OCR may stay low until June 2013 MPS

Reserve Bank governor Alan Bollard may use his swansong interest rate review this week to keep conditions unchanged as modest growth in the New Zealand economy is being offset by a tepid global outlook.

BUSINESSDESK: Reserve Bank governor Alan Bollard may use his swansong interest rate review this week to keep conditions unchanged as modest growth in the New Zealand economy is being offset by a tepid global outlook.

Dr Bollard will keep the official cash rate at 2.5%, according to a Reuters survey of 18 economists.

It will not move until June next year at the earliest, based on the median of expectations. The rate has not budged since March last year from the lowest since it was introduced in March 1999.

The monetary policy statement, Dr Bollard's last before handing over the job to former World Bank executive Graeme Wheeler.

That means economists may not try so hard to read the nuances of the statement, given that Mr Wheeler is likely to develop his own style and "language".

"For all we know ... Wheeler may have a markedly different view on where monetary policy should be heading," says Dominick Stephens, chief economist at Westpac Banking Corp.

"The soon-to-be-signed Policy Targets Agreement could provide some early clues on this matter, but more likely it will take a few months in the hot seat before any differences become apparent."

The MPS on Thursday comes seven days before economic growth figures for the second quarter, which may show gross domestic product slowed from the first quarter's 1.1% pace. Economists at UBS New Zealand are forecasting a 0.5% expansion in the latest quarter.

"We expect the message to be that the domestic economy is on track to 'grow modestly' but that a 'poor' external outlook means that it remains appropriate for the OCR to be held at 2.5%," says Robin Clements, economist at UBS.

Annual inflation is sitting at the bottom of the central bank's 1% to 3% target range and some economists say it may have slowed further in the third quarter. At the same time, the New Zealand dollar has remained stubbornly high.

On a trade-weighted basis it hasn't been below 70 since early June, at the time of the central bank's last MPS, and was recently at 72.55, above the 69.20 average the bank forecast back then for the third quarter.

There are arguably enough forces afoot to keep the kiwi relatively strong against the greenback and the euro, with US and European central banks preparing to provide more stimulus while keeping interest rates low.

The kiwi could also gain against the Australian dollar as talk revives that the RBA would be willing to cut rates again.

"The prospect of further policy easing in Australia could see the NZD drift higher against the AUD, with weakness in this cross rate, up to now, being a saving grace for some exporters given the strength seen against other currencies," says Darren Gibbs, chief executive at Deutsche Bank.

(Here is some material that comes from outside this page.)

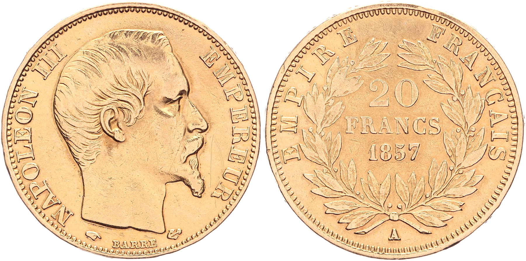 20 Francs 1857A. KM 781.1. (6,39 gram). Polished. F / VF.

He expects this week's MPS will adjust higher the track for the TWI while keeping the forecast track of the 90-day bank bills unchanged at 2.7% until the second quarter next year, when it is seen rising to 2.9%.

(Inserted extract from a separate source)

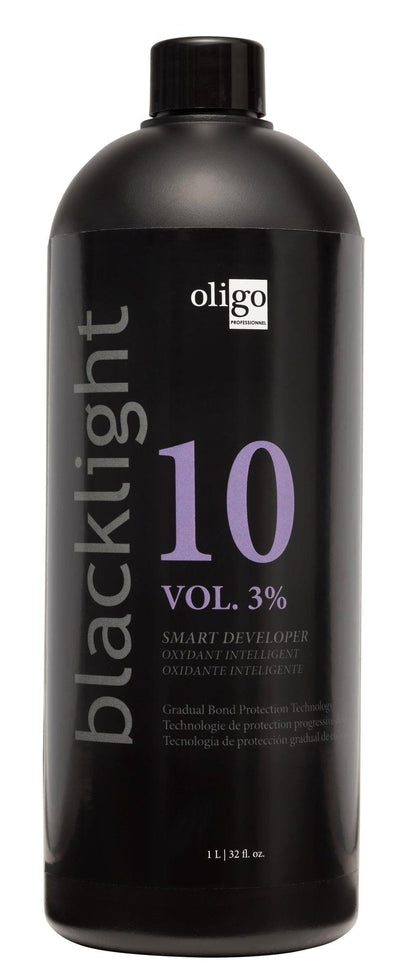 The Blacklight Smart Developer must be mixed with a Blacklight Lightener or Powershade. It is specially formulated to provide perfect consistency of final mix, to deliver optimal lifting and to facilitate application. The Blacklight developers ensure consistent and reliable results with each application.

Figures last week showed Australia's economy grew 0.5% in the second quarter, just below the 0.6% expected by economists and down from the first quarter's 1.4% pace.

China's economy grew at a year-on-year pace of 7.6% in the second quarter, the slowest in three years.

While the outlook for Europe may have improved since the June MPS, that "has been offset by growing concerns about China and the possible knock-on effects to Australia – New Zealand's top two trading partners," Westpac's Stephens says.